**DATA EXCERPT:**
BEGIN

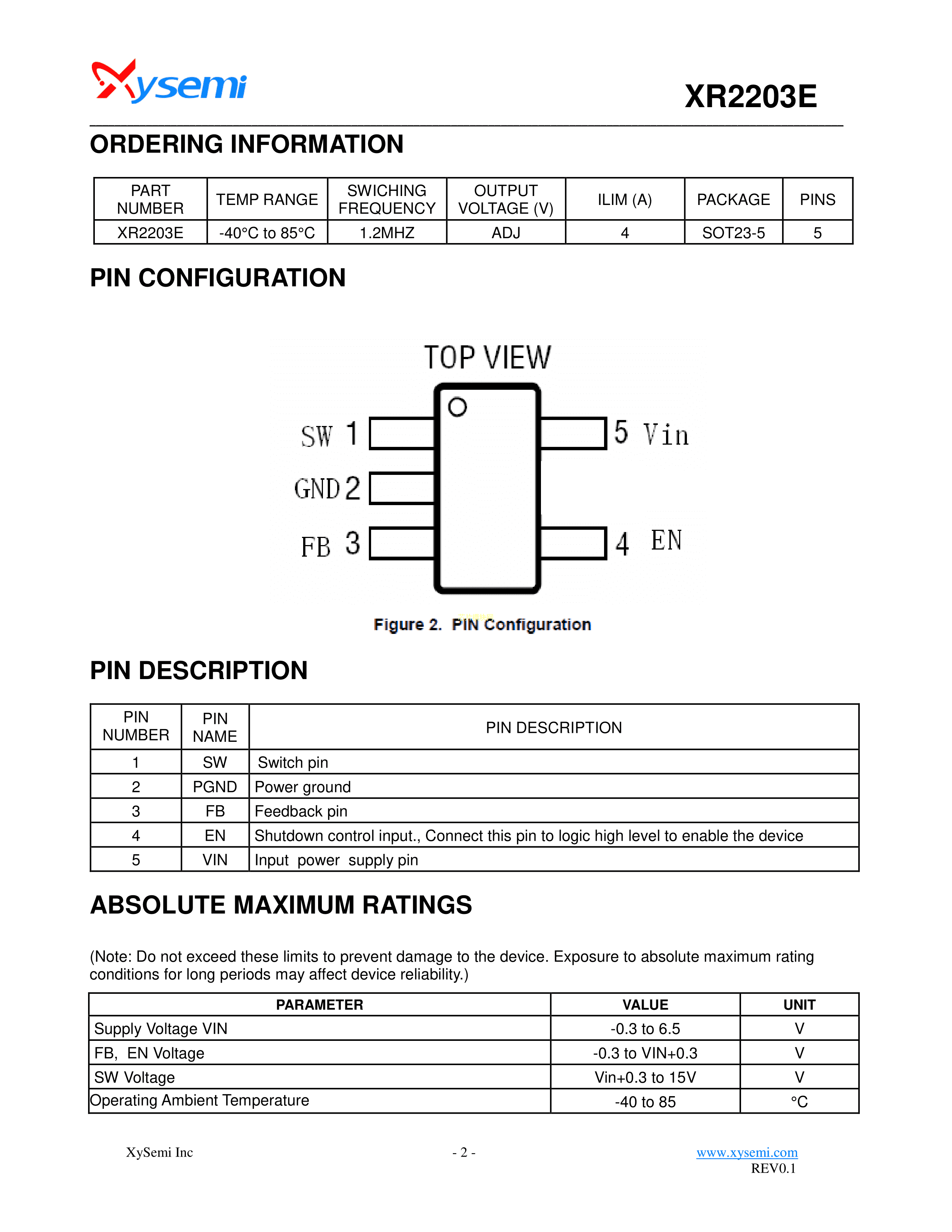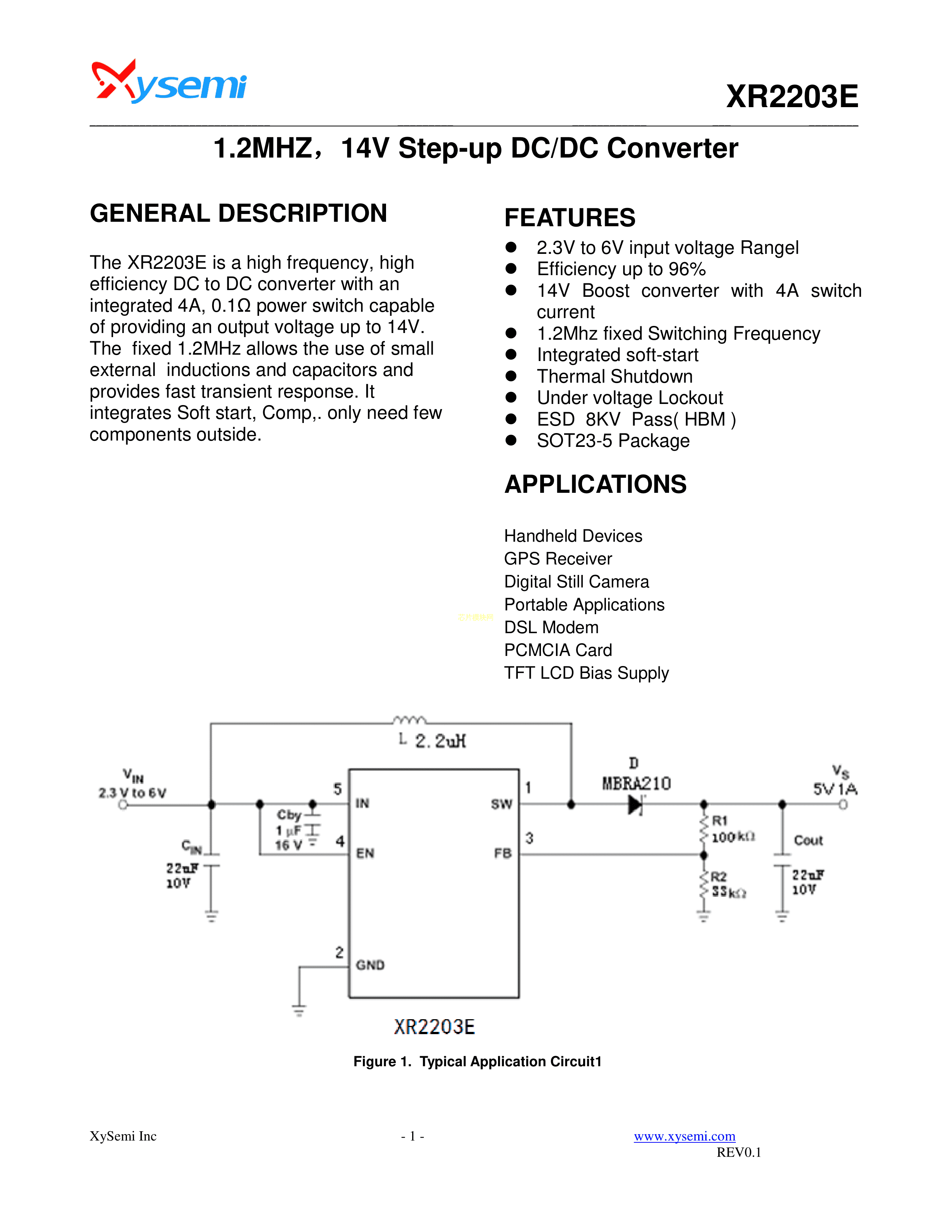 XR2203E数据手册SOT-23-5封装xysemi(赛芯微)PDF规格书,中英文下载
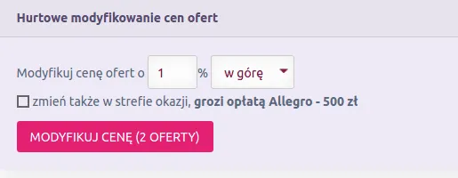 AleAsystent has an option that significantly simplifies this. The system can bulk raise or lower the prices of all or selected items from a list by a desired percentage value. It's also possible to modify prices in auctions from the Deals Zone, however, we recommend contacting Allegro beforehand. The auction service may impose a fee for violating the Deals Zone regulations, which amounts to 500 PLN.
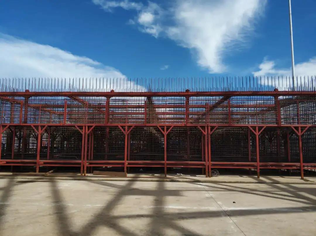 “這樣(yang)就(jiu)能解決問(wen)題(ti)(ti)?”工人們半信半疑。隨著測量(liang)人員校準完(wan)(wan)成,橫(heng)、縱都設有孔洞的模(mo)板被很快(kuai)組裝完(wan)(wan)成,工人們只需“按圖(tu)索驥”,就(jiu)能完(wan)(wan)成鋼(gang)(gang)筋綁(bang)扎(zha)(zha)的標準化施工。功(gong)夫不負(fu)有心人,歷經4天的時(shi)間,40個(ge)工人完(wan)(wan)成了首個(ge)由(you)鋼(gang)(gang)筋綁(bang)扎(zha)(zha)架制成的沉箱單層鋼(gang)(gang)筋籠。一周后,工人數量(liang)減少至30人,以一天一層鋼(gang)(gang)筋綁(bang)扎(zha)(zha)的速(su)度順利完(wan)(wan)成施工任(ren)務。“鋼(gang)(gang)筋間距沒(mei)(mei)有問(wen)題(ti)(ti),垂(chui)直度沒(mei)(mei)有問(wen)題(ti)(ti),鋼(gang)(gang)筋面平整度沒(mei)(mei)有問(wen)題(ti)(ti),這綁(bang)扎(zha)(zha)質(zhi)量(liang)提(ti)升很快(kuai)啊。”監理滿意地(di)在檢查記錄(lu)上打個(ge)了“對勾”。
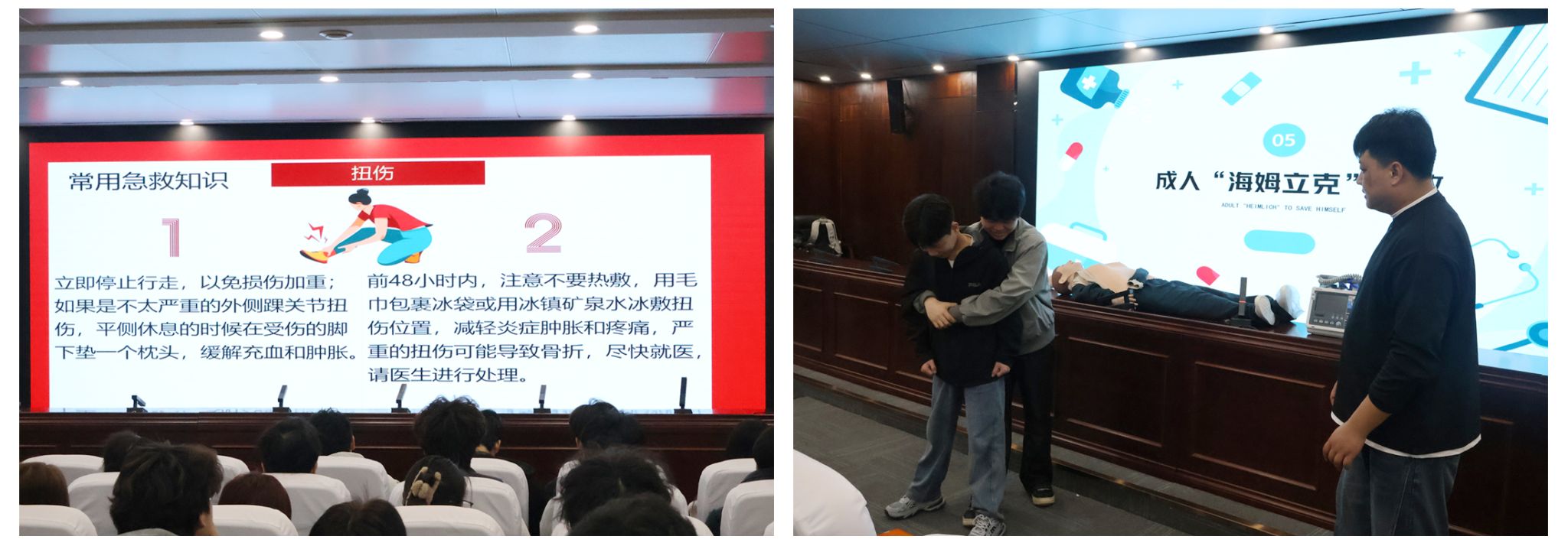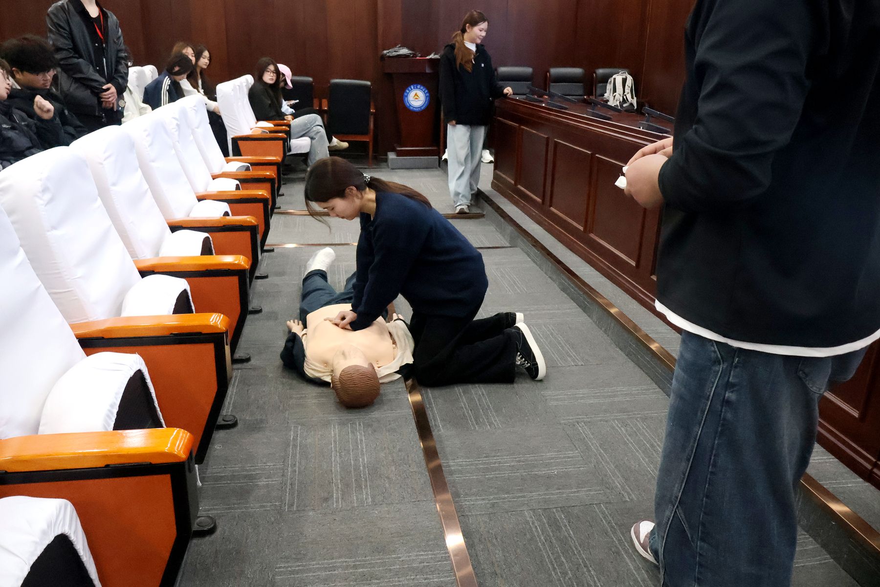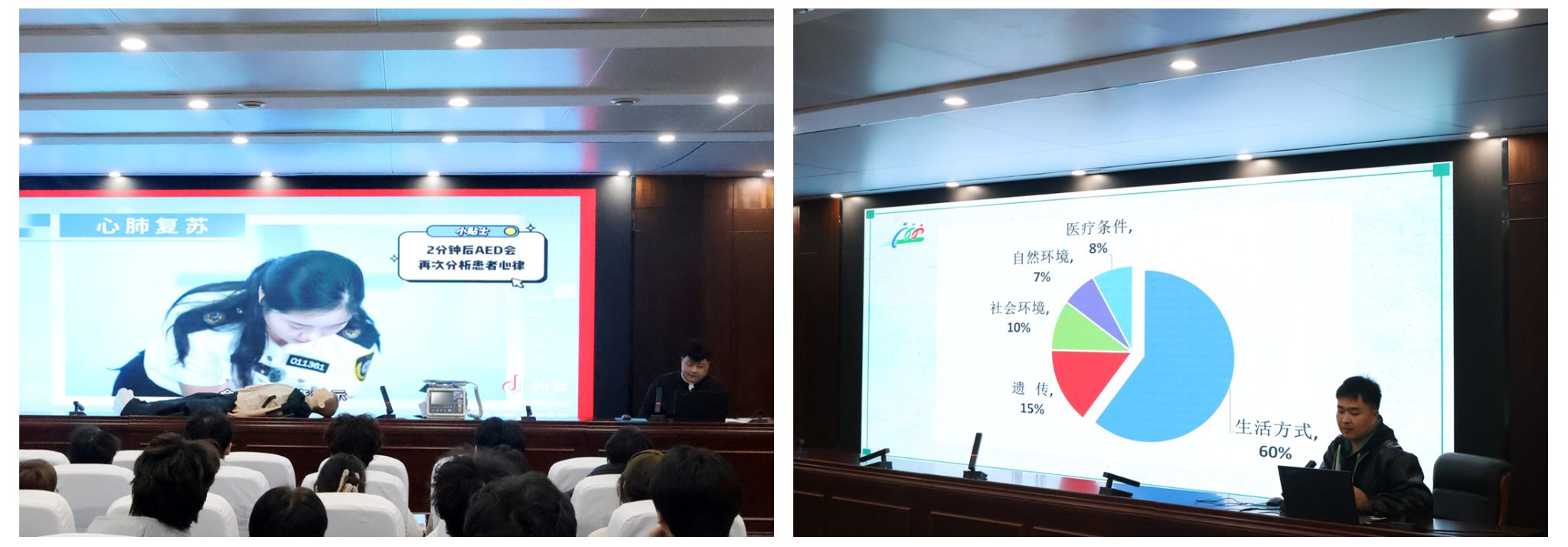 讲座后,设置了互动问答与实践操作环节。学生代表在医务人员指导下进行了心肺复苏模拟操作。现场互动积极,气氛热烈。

END

**PROBLEM REQUIREMENTS:** Transcribe the whole of the data exactly, minus any pictures.

**EXERCISE RESPONSE:**
 XR2203E数据手册SOT-23-5封装xysemi(赛芯微)PDF规格书,中英文下载
 AleAsystent has an option that significantly simplifies this. The system can bulk raise or lower the prices of all or selected items from a list by a desired percentage value. It's also possible to modify prices in auctions from the Deals Zone, however, we recommend contacting Allegro beforehand. The auction service may impose a fee for violating the Deals Zone regulations, which amounts to 500 PLN.
 “這樣(yang)就(jiu)能解決問(wen)題(ti)(ti)?”工人們半信半疑。隨著測量(liang)人員校準完(wan)(wan)成,橫(heng)、縱都設有孔洞的模(mo)板被很快(kuai)組裝完(wan)(wan)成,工人們只需“按圖(tu)索驥”,就(jiu)能完(wan)(wan)成鋼(gang)(gang)筋綁(bang)扎(zha)(zha)的標準化施工。功(gong)夫不負(fu)有心人,歷經4天的時(shi)間,40個(ge)工人完(wan)(wan)成了首個(ge)由(you)鋼(gang)(gang)筋綁(bang)扎(zha)(zha)架制成的沉箱單層鋼(gang)(gang)筋籠。一周后,工人數量(liang)減少至30人,以一天一層鋼(gang)(gang)筋綁(bang)扎(zha)(zha)的速(su)度順利完(wan)(wan)成施工任(ren)務。“鋼(gang)(gang)筋間距沒(mei)(mei)有問(wen)題(ti)(ti),垂(chui)直度沒(mei)(mei)有問(wen)題(ti)(ti),鋼(gang)(gang)筋面平整度沒(mei)(mei)有問(wen)題(ti)(ti),這綁(bang)扎(zha)(zha)質(zhi)量(liang)提(ti)升很快(kuai)啊。”監理滿意地(di)在檢查記錄(lu)上打個(ge)了“對勾”。
 讲座后,设置了互动问答与实践操作环节。学生代表在医务人员指导下进行了心肺复苏模拟操作。现场互动积极,气氛热烈。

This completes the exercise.